Of all the lines below, output only those starting at the one with "Sıradaki eserimiz Rembrandt'ın" and ending at the one with "Практически вся поверхность", both ends included, exactly as written.

• [Given records]:
-------------------------
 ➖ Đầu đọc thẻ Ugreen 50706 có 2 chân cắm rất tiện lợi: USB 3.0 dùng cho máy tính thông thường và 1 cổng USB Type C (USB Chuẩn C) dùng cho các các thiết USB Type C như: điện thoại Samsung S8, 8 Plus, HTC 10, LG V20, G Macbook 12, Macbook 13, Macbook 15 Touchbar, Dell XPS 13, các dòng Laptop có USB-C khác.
-------------------------
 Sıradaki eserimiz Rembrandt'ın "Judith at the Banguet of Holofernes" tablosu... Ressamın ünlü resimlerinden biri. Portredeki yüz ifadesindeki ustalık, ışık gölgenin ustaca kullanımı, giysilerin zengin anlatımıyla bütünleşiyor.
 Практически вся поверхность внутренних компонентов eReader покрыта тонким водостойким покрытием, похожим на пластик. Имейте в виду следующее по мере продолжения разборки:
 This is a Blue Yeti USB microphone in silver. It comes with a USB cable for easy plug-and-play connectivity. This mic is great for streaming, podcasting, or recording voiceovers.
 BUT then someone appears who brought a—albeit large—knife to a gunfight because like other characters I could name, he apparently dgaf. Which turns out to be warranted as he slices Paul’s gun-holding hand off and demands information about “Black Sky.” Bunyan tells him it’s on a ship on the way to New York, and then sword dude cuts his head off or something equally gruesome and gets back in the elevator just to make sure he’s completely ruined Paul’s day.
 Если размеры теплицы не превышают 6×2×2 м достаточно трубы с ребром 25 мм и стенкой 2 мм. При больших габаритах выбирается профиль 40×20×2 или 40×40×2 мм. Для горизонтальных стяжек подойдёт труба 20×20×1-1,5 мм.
-------------------------
• [Exercise solution]:
 Sıradaki eserimiz Rembrandt'ın "Judith at the Banguet of Holofernes" tablosu... Ressamın ünlü resimlerinden biri. Portredeki yüz ifadesindeki ustalık, ışık gölgenin ustaca kullanımı, giysilerin zengin anlatımıyla bütünleşiyor.
 Практически вся поверхность внутренних компонентов eReader покрыта тонким водостойким покрытием, похожим на пластик. Имейте в виду следующее по мере продолжения разборки:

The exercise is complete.